Del Rey Manuel J, Faré Regina, Usategui Alicia, Cañete Juan D, Bravo Beatriz, Galindo María, Criado Gabriel, Pablos José L
Servicio de Reumatología, Instituto de Investigación Hospital 12 de Octubre (i+12), 28041, Madrid, Spain.
Unitat d'Artritis, Servei de Reumatologia, Hospital Clínic de Barcelona, Barcelona, Spain.
Arthritis Res Ther. 2016 Mar 15;18:66. doi: 10.1186/s13075-016-0966-5.
CD271(+) stromal cells (SCs) with multipotent stem cell capacity have been identified in synovial tissues, but their functional significance is unknown. We analyzed the distribution of CD271(+) cells in inflammatory synovial tissues as well as their ex vivo immunomodulatory and inflammatory phenotypes.
CD271 expression was analyzed by immunohistochemistry in synovial tissues and by flow cytometry in primary adherent synovial cell cultures from rheumatoid arthritis (RA), osteoarthritis (OA), and non-inflammatory control tissues. Isolation of CD271(+) synovial SCs was carried out by magnetic cell sorting. Allogeneic T-cell/SC cocultures were performed to analyze the regulatory capacity of these cells on T-cell proliferation and cytokine production. The production of inflammatory mediators was analyzed in cultures of sorted CD271(+)/(-) SCs. The capacity of CD271(+)/(-) SCs to induce inflammatory cell recruitment in vivo was evaluated in subcutaneous implants in immunodeficient mice.
CD271(+) SC were detected in non-inflammatory as well as in arthritic synovial tissues with a specific perivascular distribution. CD271(+) SC density was increased in RA and OA compared with normal synovial tissues. T-cell proliferation and cytokine synthesis were similarly modified by CD271(+) and CD271(-) SCs. Sorted CD271(+) SCs from OA synovial tissues released significantly more interleukin (IL)-6, matrix metalloproteinase (MMP)-1, and MMP-3 than CD271(-) SCs. In immunodeficient mice, implants of CD271(+) SCs induced significantly higher myeloid cell infiltration than CD271(-) SCs.

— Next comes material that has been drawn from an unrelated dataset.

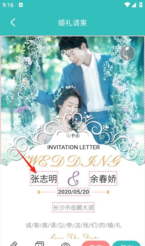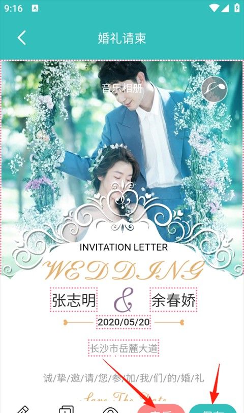 6、点击左下角的“音乐”,选择您最喜欢的音乐,然后点击“保存”进行保存。

Our results demonstrate that CD271(+) perivascular SCs expand in RA and OA synovial tissues. CD271(+) cells showed enhanced proinflammatory properties ex vivo and in vivo, whereas immunoregulatory properties were equivalent in CD271(+) and CD271(-) SC.
在滑膜组织中已鉴定出具有多能干细胞能力的CD271(+)基质细胞(SCs),但其功能意义尚不清楚。我们分析了炎症性滑膜组织中CD271(+)细胞的分布及其体外免疫调节和炎症表型。

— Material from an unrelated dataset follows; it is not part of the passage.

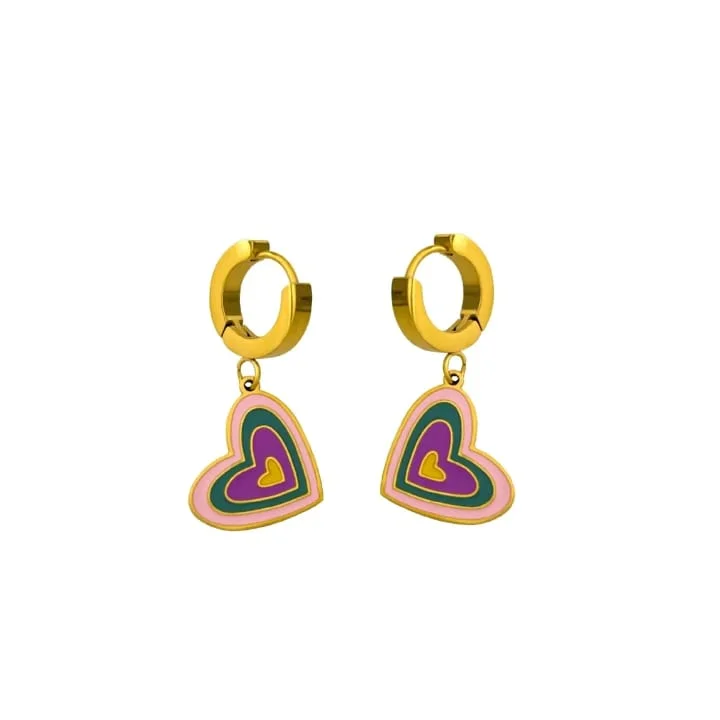 Each earring features a vibrant multicolor heart charm made with smooth enamel and attached to a high-quality gold-plated hoop. The enamel adds a glossy pop of color, while the gold plating ensures durability and a premium shine that lasts. Lightweight and skin-friendly, these earrings are comfortable enough for all-day wear without irritation.

通过免疫组织化学分析滑膜组织中的CD271表达,并通过流式细胞术分析类风湿性关节炎(RA)、骨关节炎(OA)和非炎症对照组织的原代贴壁滑膜细胞培养物中的CD271表达。通过磁性细胞分选法分离CD271(+)滑膜SCs。进行同种异体T细胞/SC共培养,以分析这些细胞对T细胞增殖和细胞因子产生的调节能力。在分选的CD271(+)/(-)SCs培养物中分析炎症介质的产生。在免疫缺陷小鼠的皮下植入物中评估CD271(+)/(-)SCs在体内诱导炎症细胞募集的能力。

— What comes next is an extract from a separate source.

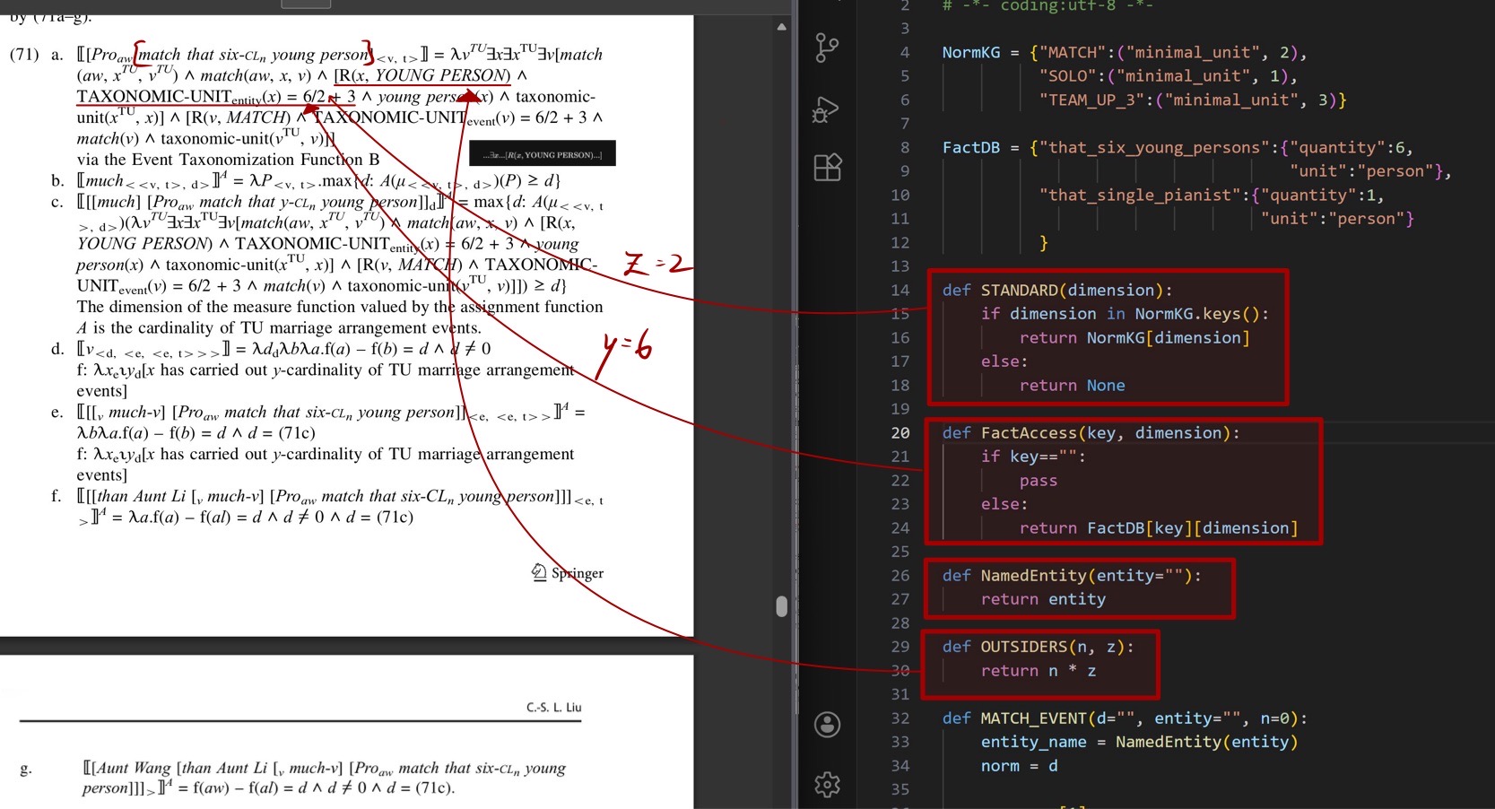 在實作過程中,必須將語意學中 λ-Expression 中的每一個抽象符號 (symbol),改寫為程式的變數 (variable) 以便進行後續的計算。舉例來說,為了計算「分類單位事件」(taxonomic unit event),我先決定在這個專案裡,名詞片語像「那六個年輕人」要被轉成一個整數 y,代表實際參與配對計算的「人數」;動詞「配對」本身的語意限制,則被轉成一個最小配對單位 z,例如一次配對必須是 2 人一組,這個數值由 STANDARD('MATCH') 回傳。

在非炎症性和关节炎性滑膜组织中均检测到CD271(+)SCs,具有特定的血管周围分布。与正常滑膜组织相比,RA和OA中CD271(+)SCs密度增加。CD271(+)和CD271(-)SCs对T细胞增殖和细胞因子合成的影响相似。来自OA滑膜组织的分选CD271(+)SCs释放的白细胞介素(IL)-6、基质金属蛋白酶(MMP)-1和MMP-3明显多于CD271(-)SCs。在免疫缺陷小鼠中,CD271(+)SCs植入物诱导的髓样细胞浸润明显高于CD271(-)SCs。
我们的结果表明CD271(+)血管周围SCs在RA和OA滑膜组织中扩增。CD271(+)细胞在体外和体内均表现出增强的促炎特性,而CD271(+)和CD271(-)SCs的免疫调节特性相当。